> WORK REQUEST: Copy out the entries below exactly as they stand, but only from the line containing "Kuličkové pero z" through the line containing "Empleados de ComercioInterés".

> MATERIAL FOR THIS EXERCISE:
────────

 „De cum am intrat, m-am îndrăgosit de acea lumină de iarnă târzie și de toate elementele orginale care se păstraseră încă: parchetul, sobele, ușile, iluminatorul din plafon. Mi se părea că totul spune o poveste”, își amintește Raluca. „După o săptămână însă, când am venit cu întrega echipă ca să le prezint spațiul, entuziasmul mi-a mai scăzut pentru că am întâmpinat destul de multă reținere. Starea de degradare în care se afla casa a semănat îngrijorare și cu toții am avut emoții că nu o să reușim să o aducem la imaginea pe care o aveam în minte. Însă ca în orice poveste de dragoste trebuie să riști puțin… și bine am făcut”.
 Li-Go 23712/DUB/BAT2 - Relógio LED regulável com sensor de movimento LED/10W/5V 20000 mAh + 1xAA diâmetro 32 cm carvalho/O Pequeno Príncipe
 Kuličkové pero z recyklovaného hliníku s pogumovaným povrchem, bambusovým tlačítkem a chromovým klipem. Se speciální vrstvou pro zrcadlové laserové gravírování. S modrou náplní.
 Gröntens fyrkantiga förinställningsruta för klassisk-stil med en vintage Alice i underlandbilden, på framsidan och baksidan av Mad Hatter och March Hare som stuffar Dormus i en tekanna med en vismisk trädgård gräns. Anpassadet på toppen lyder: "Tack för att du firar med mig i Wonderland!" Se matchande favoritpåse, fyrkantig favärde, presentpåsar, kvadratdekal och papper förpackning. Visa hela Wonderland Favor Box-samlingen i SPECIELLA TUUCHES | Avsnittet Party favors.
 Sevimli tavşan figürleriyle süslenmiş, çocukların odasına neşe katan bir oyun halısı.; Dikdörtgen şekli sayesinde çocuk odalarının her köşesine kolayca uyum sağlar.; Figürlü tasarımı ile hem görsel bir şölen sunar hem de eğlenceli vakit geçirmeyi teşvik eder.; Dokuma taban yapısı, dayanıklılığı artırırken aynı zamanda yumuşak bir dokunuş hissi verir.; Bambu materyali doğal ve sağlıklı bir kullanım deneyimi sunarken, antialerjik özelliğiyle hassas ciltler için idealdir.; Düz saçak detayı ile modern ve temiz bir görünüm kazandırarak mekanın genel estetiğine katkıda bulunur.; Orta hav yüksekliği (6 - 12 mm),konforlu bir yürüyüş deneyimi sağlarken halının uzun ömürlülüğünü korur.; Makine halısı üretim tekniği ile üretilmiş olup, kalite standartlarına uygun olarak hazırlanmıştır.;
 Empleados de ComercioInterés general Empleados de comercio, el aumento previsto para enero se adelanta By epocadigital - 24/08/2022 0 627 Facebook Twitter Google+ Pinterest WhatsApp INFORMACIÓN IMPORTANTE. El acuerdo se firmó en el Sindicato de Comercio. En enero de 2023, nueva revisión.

────────

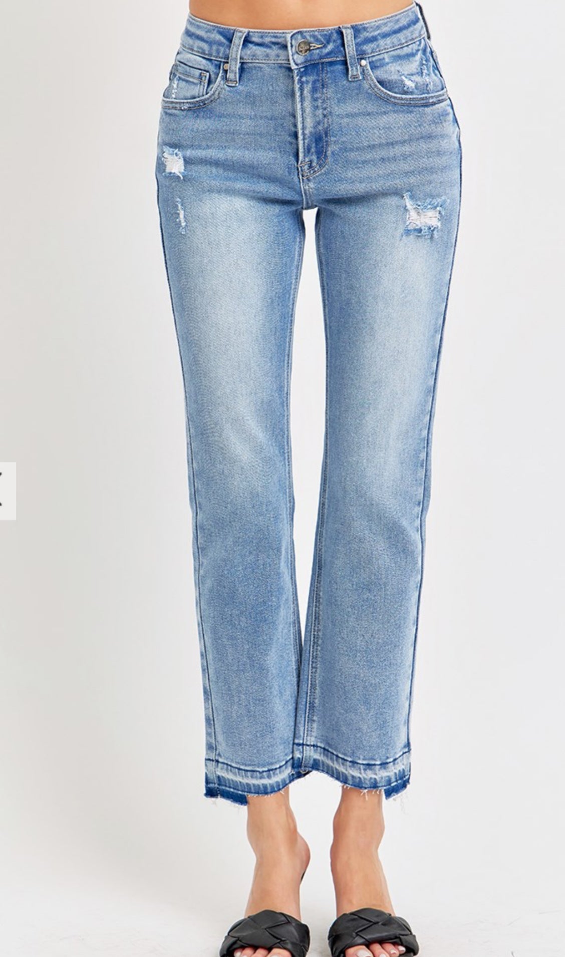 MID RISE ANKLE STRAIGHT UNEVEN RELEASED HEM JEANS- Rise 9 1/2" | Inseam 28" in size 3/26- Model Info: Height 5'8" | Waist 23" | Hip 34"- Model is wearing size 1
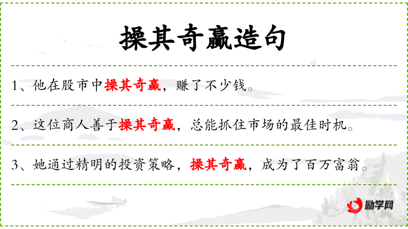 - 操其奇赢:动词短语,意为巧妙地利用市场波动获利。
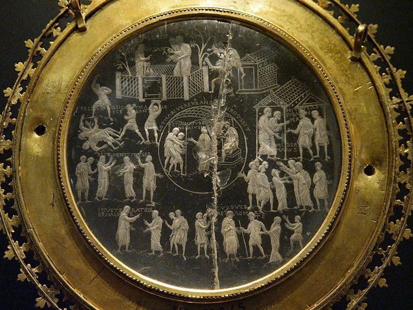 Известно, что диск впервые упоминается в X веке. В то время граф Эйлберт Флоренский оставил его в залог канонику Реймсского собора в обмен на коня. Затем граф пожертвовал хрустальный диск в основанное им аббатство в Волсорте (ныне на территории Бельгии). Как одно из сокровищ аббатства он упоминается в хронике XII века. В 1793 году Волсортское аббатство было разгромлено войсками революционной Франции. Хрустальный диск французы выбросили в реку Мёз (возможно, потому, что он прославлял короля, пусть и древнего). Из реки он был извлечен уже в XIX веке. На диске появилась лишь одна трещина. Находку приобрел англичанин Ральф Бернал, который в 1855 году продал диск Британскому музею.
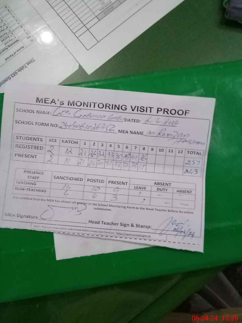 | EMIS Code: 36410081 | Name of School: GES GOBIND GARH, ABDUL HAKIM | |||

────────

> EXERCISE RESULT:
 Kuličkové pero z recyklovaného hliníku s pogumovaným povrchem, bambusovým tlačítkem a chromovým klipem. Se speciální vrstvou pro zrcadlové laserové gravírování. S modrou náplní.
 Gröntens fyrkantiga förinställningsruta för klassisk-stil med en vintage Alice i underlandbilden, på framsidan och baksidan av Mad Hatter och March Hare som stuffar Dormus i en tekanna med en vismisk trädgård gräns. Anpassadet på toppen lyder: "Tack för att du firar med mig i Wonderland!" Se matchande favoritpåse, fyrkantig favärde, presentpåsar, kvadratdekal och papper förpackning. Visa hela Wonderland Favor Box-samlingen i SPECIELLA TUUCHES | Avsnittet Party favors.
 Sevimli tavşan figürleriyle süslenmiş, çocukların odasına neşe katan bir oyun halısı.; Dikdörtgen şekli sayesinde çocuk odalarının her köşesine kolayca uyum sağlar.; Figürlü tasarımı ile hem görsel bir şölen sunar hem de eğlenceli vakit geçirmeyi teşvik eder.; Dokuma taban yapısı, dayanıklılığı artırırken aynı zamanda yumuşak bir dokunuş hissi verir.; Bambu materyali doğal ve sağlıklı bir kullanım deneyimi sunarken, antialerjik özelliğiyle hassas ciltler için idealdir.; Düz saçak detayı ile modern ve temiz bir görünüm kazandırarak mekanın genel estetiğine katkıda bulunur.; Orta hav yüksekliği (6 - 12 mm),konforlu bir yürüyüş deneyimi sağlarken halının uzun ömürlülüğünü korur.; Makine halısı üretim tekniği ile üretilmiş olup, kalite standartlarına uygun olarak hazırlanmıştır.;
 Empleados de ComercioInterés general Empleados de comercio, el aumento previsto para enero se adelanta By epocadigital - 24/08/2022 0 627 Facebook Twitter Google+ Pinterest WhatsApp INFORMACIÓN IMPORTANTE. El acuerdo se firmó en el Sindicato de Comercio. En enero de 2023, nueva revisión.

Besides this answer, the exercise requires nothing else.